For those businesses who operate in hospitality, focusing on economies of scale and branching into new territories may be advisable.  Some of the options that may be open to these businesses include the following:

  • Scaling down menus to reduce costs (and waste) and potentially increase the overall gross margin.
  • Offering a takeaway menu, perhaps at a reduced rate in addition to the in-dining option to increase overall sales.             
  • Implementing an app for ordering food and drink for in-house dining, therefore reducing time spent on the premises and at the same time potentially increasing table turnover rate.
  • If the business offers in-room dining/drinks, it may wish to consider removing any surcharge payable.                                                          
  • Businesses may wish to review their online presence and the promotion of offers to encourage consumer uptake. At the same time the business could promote the efforts being made to comply with social distancing and its responsibility to avoid spread of the virus.

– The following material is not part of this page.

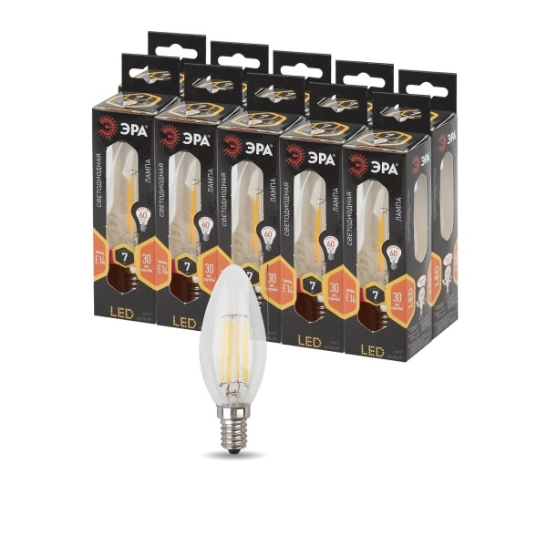 Лампочка светодиодная ЭРА F-LED F-LED B35-7W-827-E14 Е14 / Е14 7Вт филамент свеча теплый белый свет

With the new normal being heavily centred around social distancing, businesses will need to look at what sanitation and health and safety procedures should be implemented in order to safely reopen, encourage customers to engage, as well as ensuring the health and safety of their staff. Consumers may even be willing to place more of a premium on their health and safety than service quality. However there will need to be a balance found between reducing unnecessary expense in order to improve profitability and the moral responsibility to ensure the health and safety of customers and employees.


The Future…

The hospitality and tourism sectors are likely to continue to face disruption over the coming months as a direct result of the pandemic and there are no doubt challenges ahead.  However these sectors have weathered tough periods in the past and with a focus now on proactivity and planning for the challenges that lie ahead, they can look forward to healthier happier times.